Saparmyrat Nyýazow, el megalómano presidente de Turkmenistán, es un claro ejemplo de como la nomenklatura se perpetuo bajo la bandera del nacionalismo en el mundo musulman pot-soviético.

La nomenklatura de estas repúblicas inicio pues su propio camino hacia su reconversión. A la ruptura con Moscú la sigue el colaboracionismo con los Estados Unidos y la creación de unas identidades nacionales propias.

 

Paralenemente, los máximos responsables del Soviet de la República asumen el título de Presidentes y transforman el Partido Comunista en un partido del presidente que practica un desmesurado culto a la personalidad.

 

En resumen, tras esta reconversión autóctona, la nomenklatura de las repúblicas musulmanas se mantiene en el poder hasta hoy día y, paralelamente, las familias de el resto de repúblicas de la URSS también lo hacen en gran parte aprovechándose de su posición para transformarse en nuevos capitalistas durante las privatizaciones.

 

En conclusión podemos afirmar que la pequeña burguesía rusa de principios del siglo XX ha experimentado su propio camino hacia el capitalismo en todo lo que fue el Imperio Ruso.
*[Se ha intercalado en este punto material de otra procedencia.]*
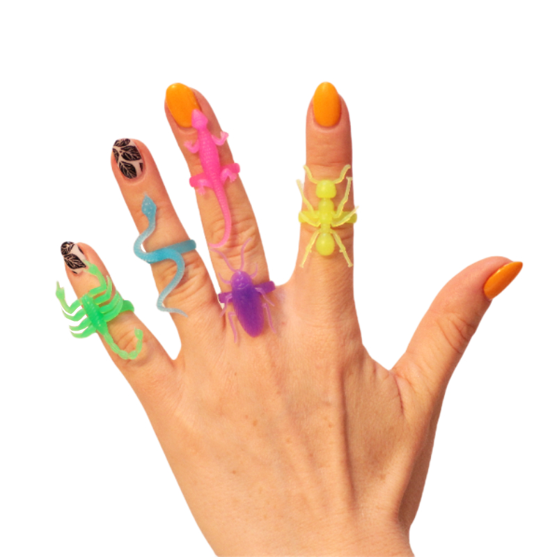 Коллекция игрушечных колечек в форме насекомых в разных цветовых решениях. Если экстравагантность – ваше второе имя, эти необычные неоновые колечки – самый верный выбор.

Lideró la Revolución Bolchevique guiando al pueblo llano ruso contra el feudalismo de los zares de la misma forma que la burguesía francesa lo hizo en su momento contra los Borbones. Al igual que en Francia, se convirtió en la nueva élite y el proceso revolucionario desembocó en una sociedad capitalista liderada por ellos mismos. La polémica esta servida…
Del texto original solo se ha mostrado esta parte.